* _Problem statement_: Leaving out the images, repeat all the lines below exactly.

* _The data_:
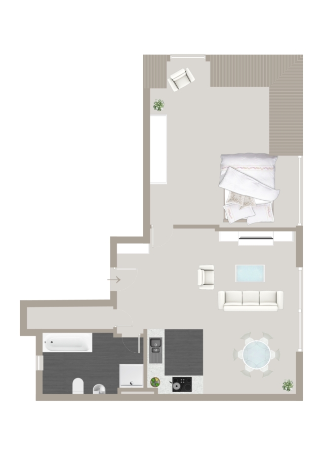 Die offene Küche im Industrial Design setzt ein stilvolles Statement und unterstreicht den urbanen Charakter dieser außergewöhnlichen Wohnung. Clevere Einbauschränke im Eingangsbereich sorgen für Ordnung, ohne die Ästhetik zu stören.
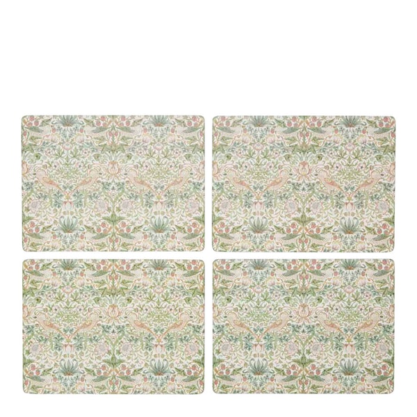 Ge dukningen en konstnärlig twist med Morris & Co Strawberry Thief-bordstabletter i fyrpack från Spode. William Morris klassiska motiv (1833) porträtterar fåglar som stjäl jordgubbar, omhuldade av rosa och gröna blad.
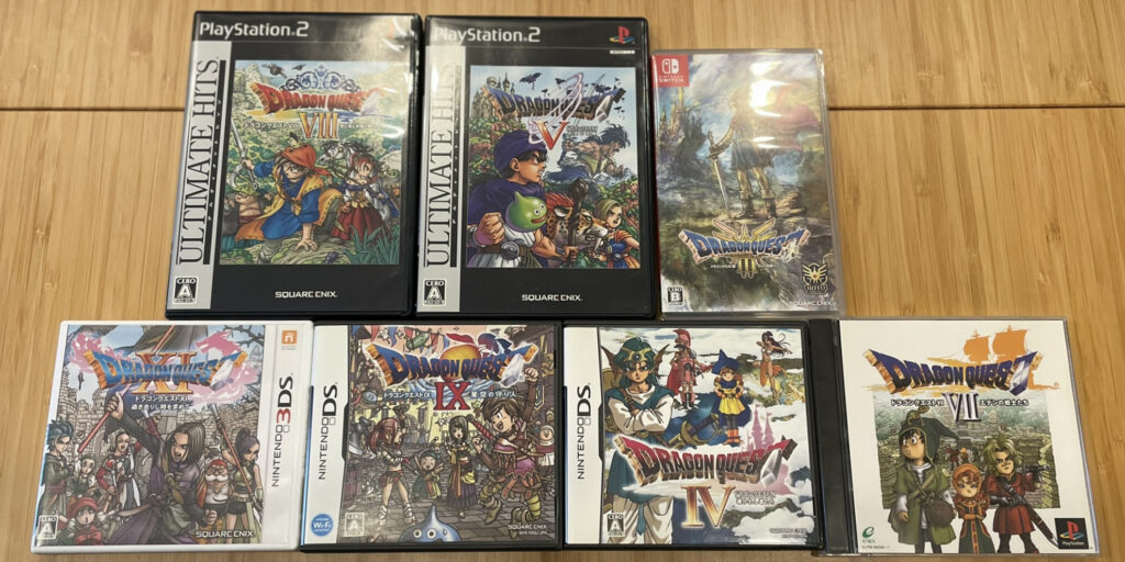 どうでもいいけど、今手元にあるDQ過去作。SFCの3, 5, 6は実家にある。

* _Exercise solution_:
 Die offene Küche im Industrial Design setzt ein stilvolles Statement und unterstreicht den urbanen Charakter dieser außergewöhnlichen Wohnung. Clevere Einbauschränke im Eingangsbereich sorgen für Ordnung, ohne die Ästhetik zu stören.
 Ge dukningen en konstnärlig twist med Morris & Co Strawberry Thief-bordstabletter i fyrpack från Spode. William Morris klassiska motiv (1833) porträtterar fåglar som stjäl jordgubbar, omhuldade av rosa och gröna blad.
 どうでもいいけど、今手元にあるDQ過去作。SFCの3, 5, 6は実家にある。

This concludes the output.